TASK ITEM —
An exact copy is needed of the lines from the one that contains "We propose an" through the final line of the data below, with pictures left out.

DATA SECTION —

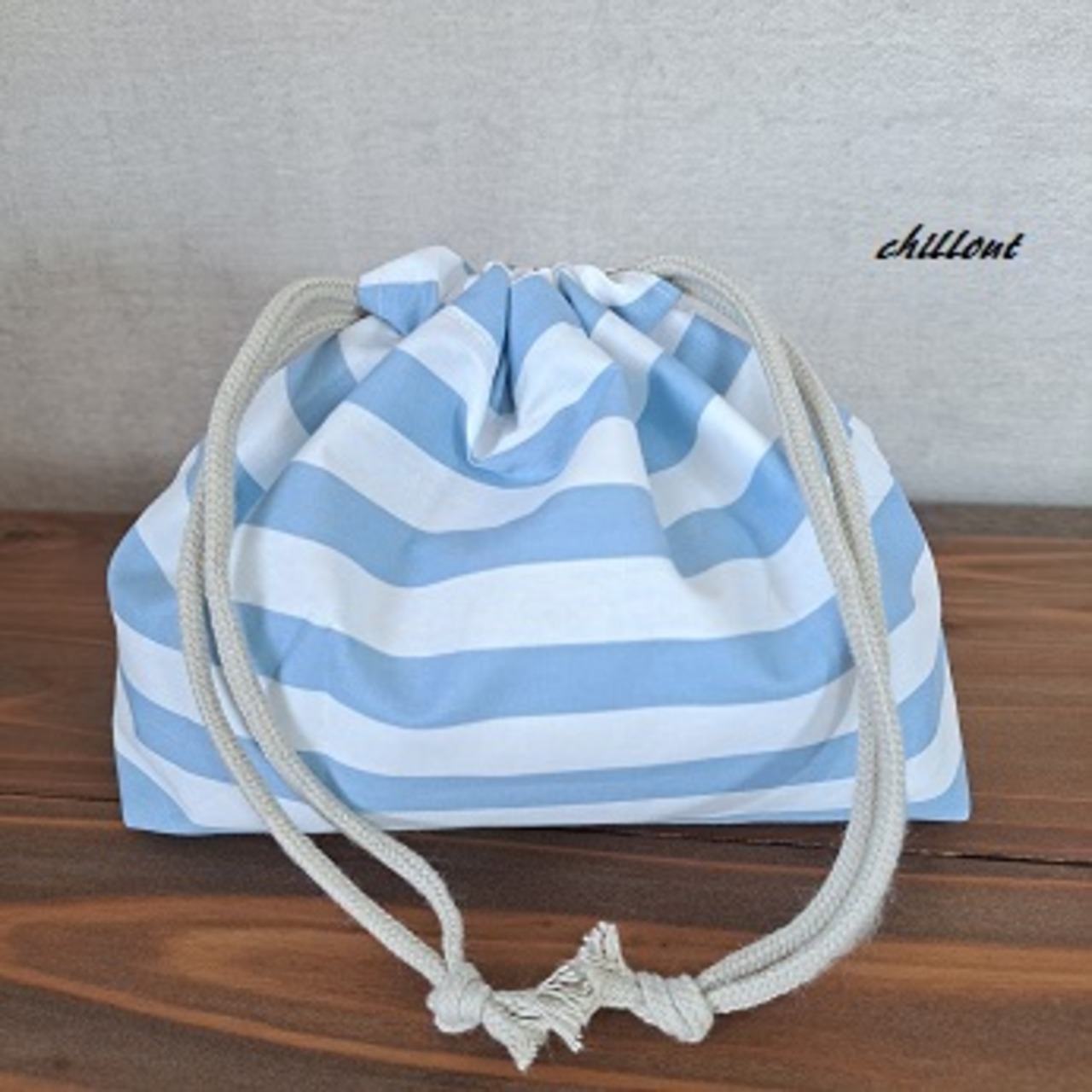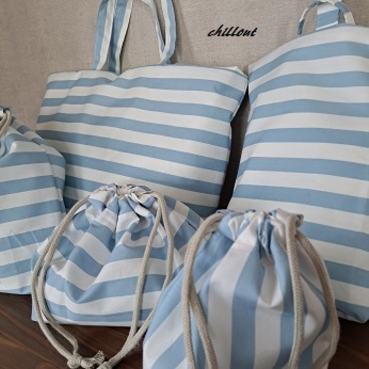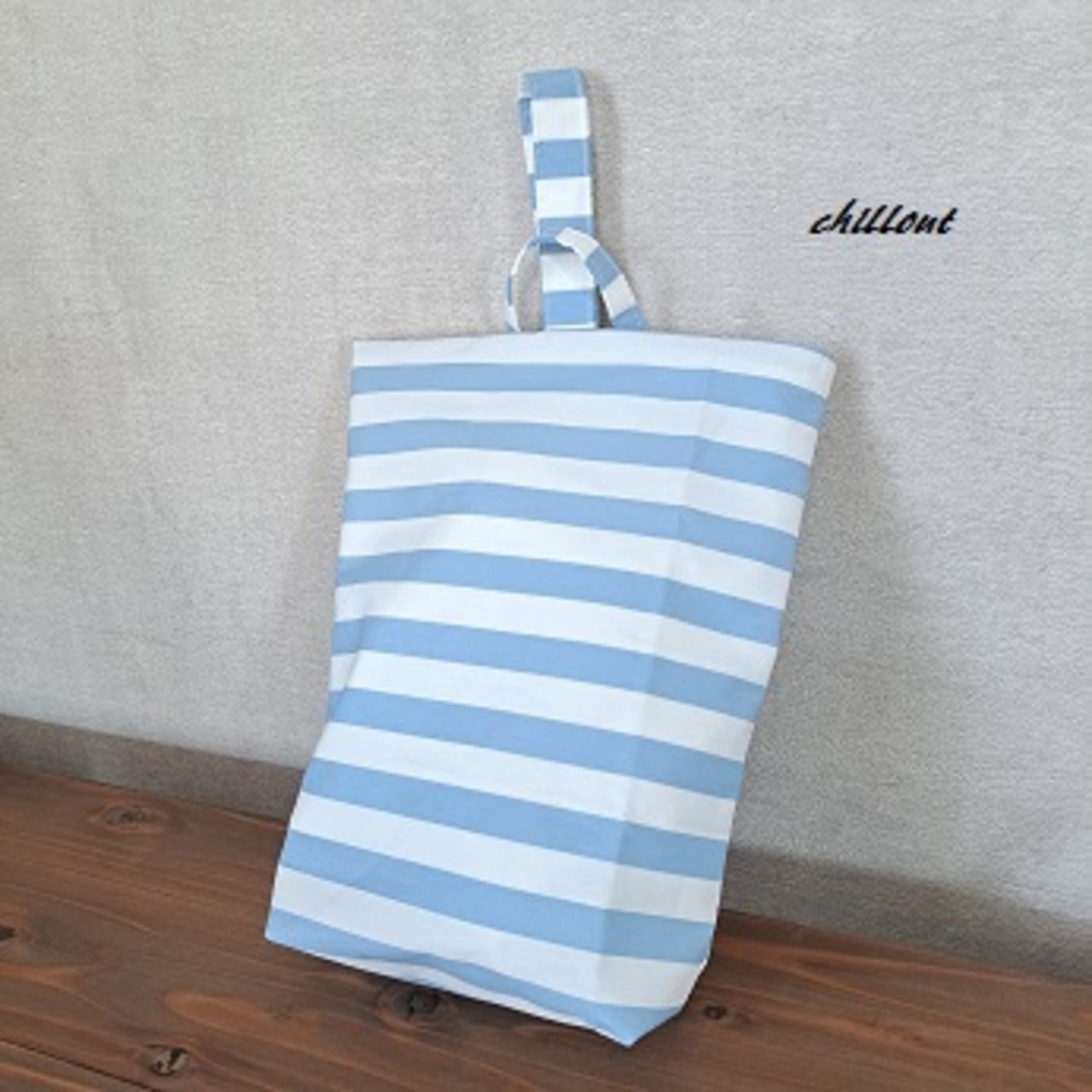 水色ストライプの入園バッグ5点セットが出来上がりました!
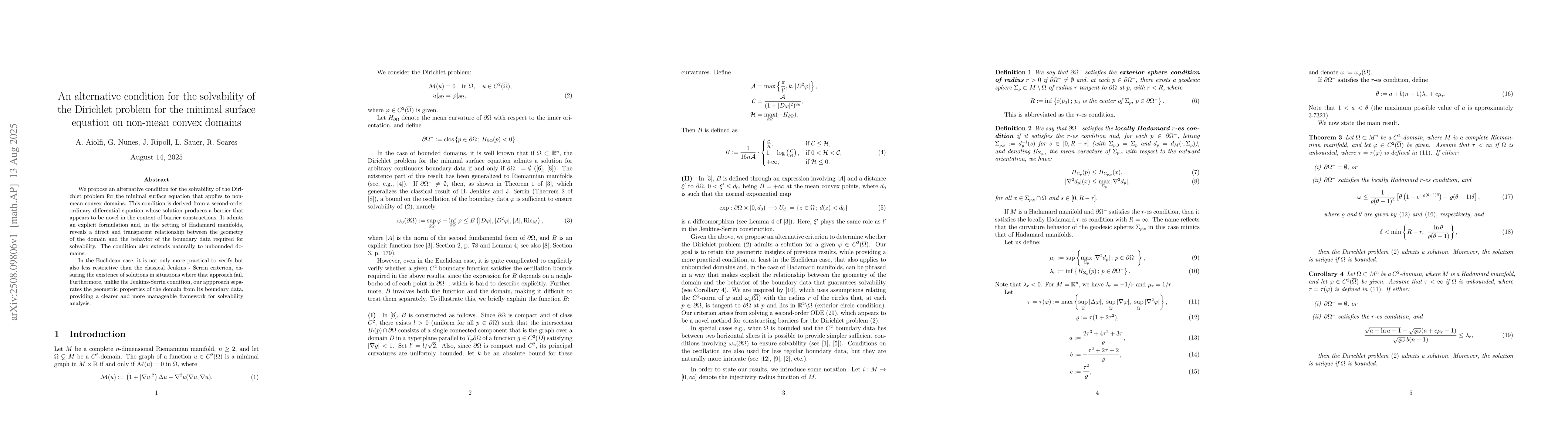 We propose an alternative condition for the solvability of the Dirichlet problem for the minimal surface equation that applies to non-mean convex domains. This condition is derived from a second-order ordinary differential equation whose solution produces a barrier that appears to be novel in the context of barrier constructions. It admits an explicit formulation and, in the setting of Hadamard manifolds, reveals a direct and transparent relationship between the geometry of the domain and the behavior of the boundary data required for solvability. The condition also extends naturally to unbounded domains. In the Euclidean case, it is not only more practical to verify but also less restrictive than the classical Jenkins - Serrin criterion, ensuring the existence of solutions in situations where that approach fail. Furthermore, unlike the Jenkins-Serrin condition, our appproach separates the geometric properties of the domain from its boundary data, providing a clearer and more manageable framework for solvability analysis.
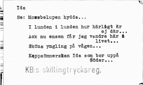 //// L Ida //// | Se: Mossbelupen hydda... //// I I lunden i lunden hur härligt är //// ej där... Ack nu ensam får jag vandra här i = livet... //// 1 Sköna yngling på vågen... //// Kappsömmerskan Ida som bor uppå //// Söder... //// i KB;S skillingtrycksreg, ////
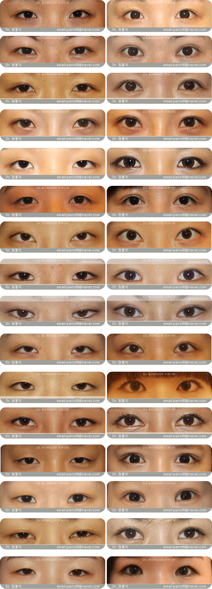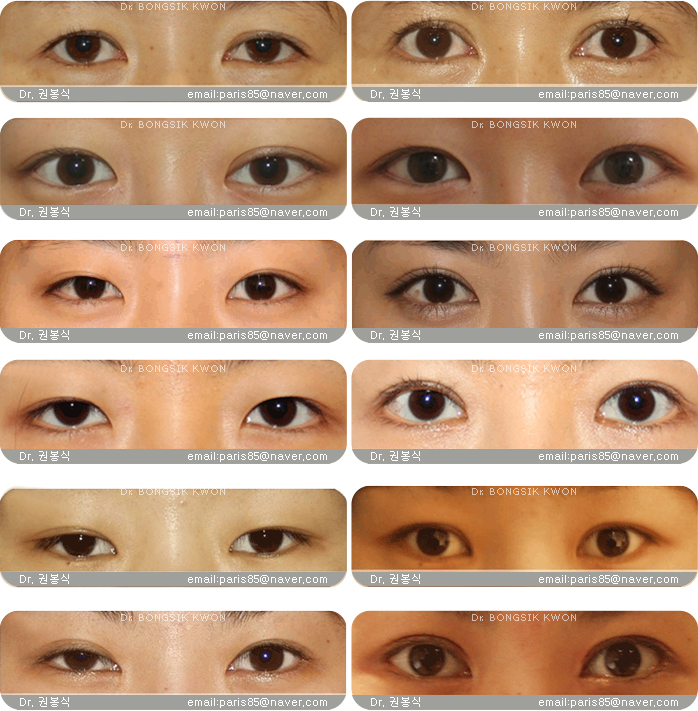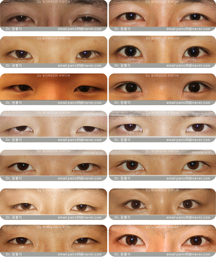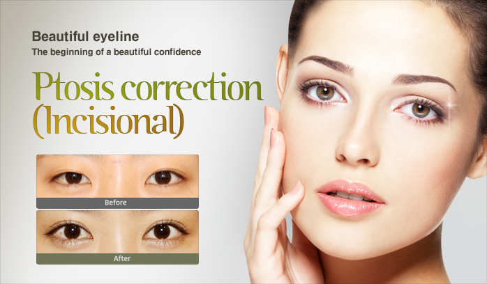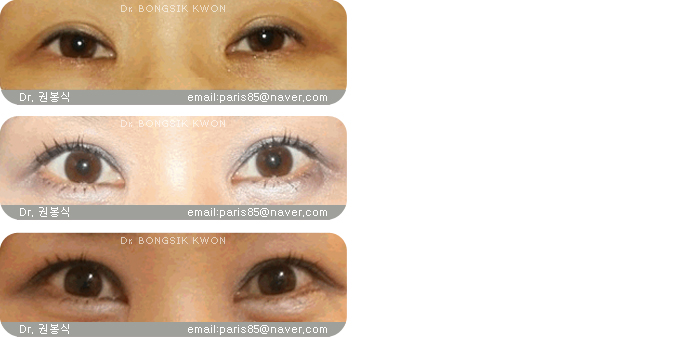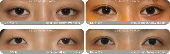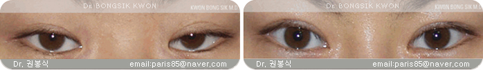 In a case both eyes are ptosis, it is difficult to correct as symmetry than the case only one is ptosis. After correcting severe ptosis, eyes does not be closed immediately after surgery, it can result in sleeping with opened eyes, but it is improved as times pass. When one does not want to make a double eyelid, it is possible to correct only ptosis, but very small hidden double eyelid will be made.

RESULT OF THIS TASK —
 We propose an alternative condition for the solvability of the Dirichlet problem for the minimal surface equation that applies to non-mean convex domains. This condition is derived from a second-order ordinary differential equation whose solution produces a barrier that appears to be novel in the context of barrier constructions. It admits an explicit formulation and, in the setting of Hadamard manifolds, reveals a direct and transparent relationship between the geometry of the domain and the behavior of the boundary data required for solvability. The condition also extends naturally to unbounded domains. In the Euclidean case, it is not only more practical to verify but also less restrictive than the classical Jenkins - Serrin criterion, ensuring the existence of solutions in situations where that approach fail. Furthermore, unlike the Jenkins-Serrin condition, our appproach separates the geometric properties of the domain from its boundary data, providing a clearer and more manageable framework for solvability analysis.
 //// L Ida //// | Se: Mossbelupen hydda... //// I I lunden i lunden hur härligt är //// ej där... Ack nu ensam får jag vandra här i = livet... //// 1 Sköna yngling på vågen... //// Kappsömmerskan Ida som bor uppå //// Söder... //// i KB;S skillingtrycksreg, ////
 In a case both eyes are ptosis, it is difficult to correct as symmetry than the case only one is ptosis. After correcting severe ptosis, eyes does not be closed immediately after surgery, it can result in sleeping with opened eyes, but it is improved as times pass. When one does not want to make a double eyelid, it is possible to correct only ptosis, but very small hidden double eyelid will be made.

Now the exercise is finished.